In certain cases, bacterial infection is also related to the development of ACLF. Takaya et al. reported that endotoxin level was a predictive factor independently associated with ACLF development [20]. They also showed that rifaximin decreased the endotoxin level and the risk of ACLF development in Child–Pugh class B, Japanese cirrhotic patients [20]. Endotoxin concentration was determined in whole blood by luminol chemiluminescence using a commercially available semiquantitative endotoxin activity assay [20]. Endotoxin, a lipopolysaccharide, is derived from the outer membrane of Gram-negative bacteria, and lipopolysaccharide (LPS) was recognized by Toll-like receptors (TLRs) of the liver, resulting in the activation of innate immune responses and the development of liver failure to some extent [20,21]. Endotoxin levels as well as Child–Pugh scores reflect the functional liver capacity and are independently associated with the development of ACLF in cirrhotic patients.
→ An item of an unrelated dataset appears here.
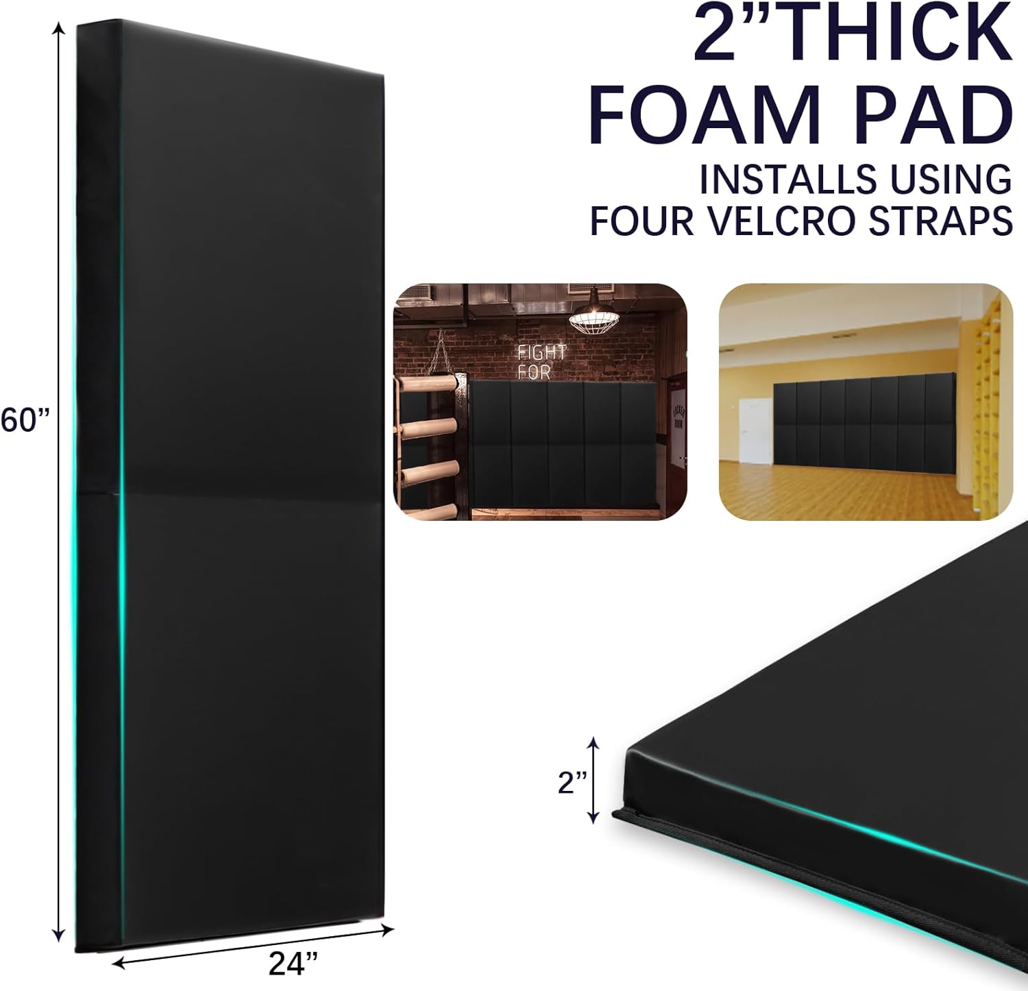 - 💯【Extensive coverage and value】 : Each package includes one smooth black sports protective wall pads, providing a total coverage area of 10 square feet. With pad sizes of 60"x24"x2" they can accommodate various wall sizes, ensuring comprehensive protection.

A meta-analysis of published studies on patients following liver resection for hepatocellular carcinoma (HCC) demonstrated that albumin-bilirubin (ALBI) grades 2 and 3 showed increased rates of post-hepatectomy liver failure compared with patients with grade 1 ALBI 1 [22]. ALBI grade is a useful liver-function assessment method in the systemic treatment for HCC patients [23]. ALBI grade is a non-invasive, blood-test-based simple score that is able to reduce post-operative complications in patients with HCC.

Novel strategies to treat patients with ACLF have also been under development [24,25]. We are currently developing new strategies against HAV infections as acute insults [26,27]. In summary, the articles mentioned above offer a critical overview of ALF, ACLF and the related areas, and these medical conditions also play important roles in the COVID-19 era.